Create the following procedure f as a wrapper for the MuPAD heaviside function. Use prog::remember to enable the remember mechanism for the procedure f:
f := proc(x) begin heaviside(x) end: f := prog::remember(f):
Now compute the Heaviside function for the values -10, 0, and 10. MuPAD uses the value heaviside(0)=1/2:
f(-10), f(0), f(10)
You can define a different value for heaviside(0). First, use the unprotect function to be able to overwrite the value of heaviside. Then, assign the new value to heaviside(0):
unprotect(heaviside): heaviside(0):= 0:
Despite the new value heaviside(0) = 0, the wrapper procedure f returns the old value 1/2:
f(0)
The result of the procedure call f(0) does not change because the system does not reevaluate this result. It finds the result in the remember table of the procedure f and returns that result. To display the content of the remember table, call the wrapper procedure f with the Remember option as a first argument and the Print option as a second argument. The value 10^{6} in the second column is the value of MAXEFFORT used during computations.
f(Remember, Print)
To force reevaluation of the procedure calls of f, clear the remember table of that procedure. To clear the remember table, call f with the Remember option as a first argument and the Clear option as a second argument:
f(Remember, Clear):
Now f returns the correct result:
f(0)
If you use the option remember, you also can clear the remember table and force reevaluation. For example, rewrite the procedure f as follows:
f := proc(x) option remember; begin heaviside(x) end: f(0)

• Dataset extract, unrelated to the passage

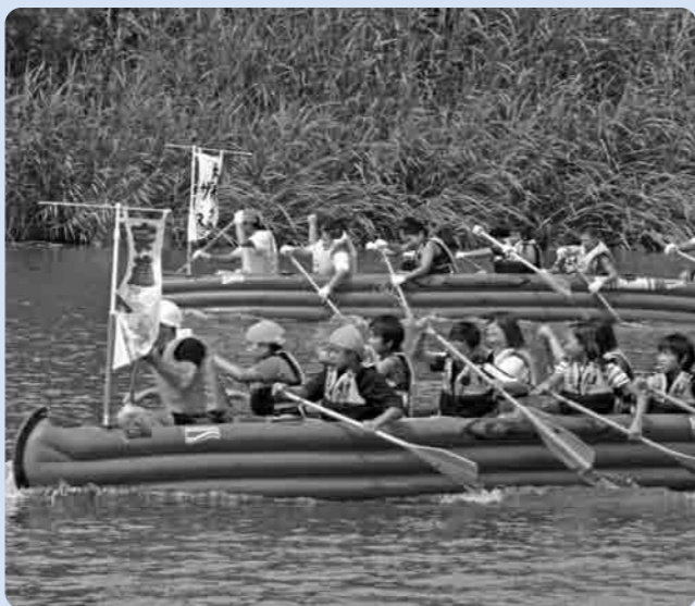
大形小チームvs宗道小チーム

き、水しぶきを上げながら、男性も女性も小学生も、暑さに負けず力を出し切りしました。優勝(一般の部)は、今回もカンボジア出身の農業研修生チームで、9月13日にお台場で開催される全国大会に出場します。

Now restore the heaviside function to its default definition:
heaviside(0):= 1/2:
To clear a remember table created by the option remember, use the forget function:
forget(f): f(0)
Use the protect function with the ProtectLevelError option to prevent further changes to heaviside. Also, delete the procedure f:
protect(heaviside, ProtectLevelError): delete f
The remember mechanism is a powerful tool for improving performance of MuPAD procedures. Nevertheless, you can encounter some problems when using this mechanism:
Remember tables are efficient only if the access time of the remember table is significantly less than the time needed to evaluate the result. If a remember table is very large, evaluation can be computationally cheaper than accessing the result stored in the remember table.
Storing large remember tables requires a large amount of memory. Especially, remember tables created with the option remember can grow very large, and significantly reduce available memory. The number of entries in remember tables created by prog::remember is limited. When the number of entries in a remember table created by prog::remember reaches the maximum number, the system removes a group of older entries.
Using prog::remember or the option remember for nonrecurring procedure calls can significantly decrease code performance. Avoid using the remember mechanism for nonrecurring procedure calls, especially if the arguments are numerical.
If you change the properties of input arguments or modify the variables DIGITS or ORDER, the remember mechanism ignores these changes by default. See Remembering Results Without Context.
In some cases you must clear the remember table of a procedure to enforce reevaluation and avoid incorrect results. For example, clearing the remember table can be necessary when a procedure changes global variables or if global variables affect the results of a procedure. See Clearing Remember Tables.
Many predefined MuPAD functions have special values stored in their remember tables. Therefore, clearing the remember tables of predefined MuPAD functions is not recommended. Note that the forget function does not error when you call it for a predefined MuPAD function.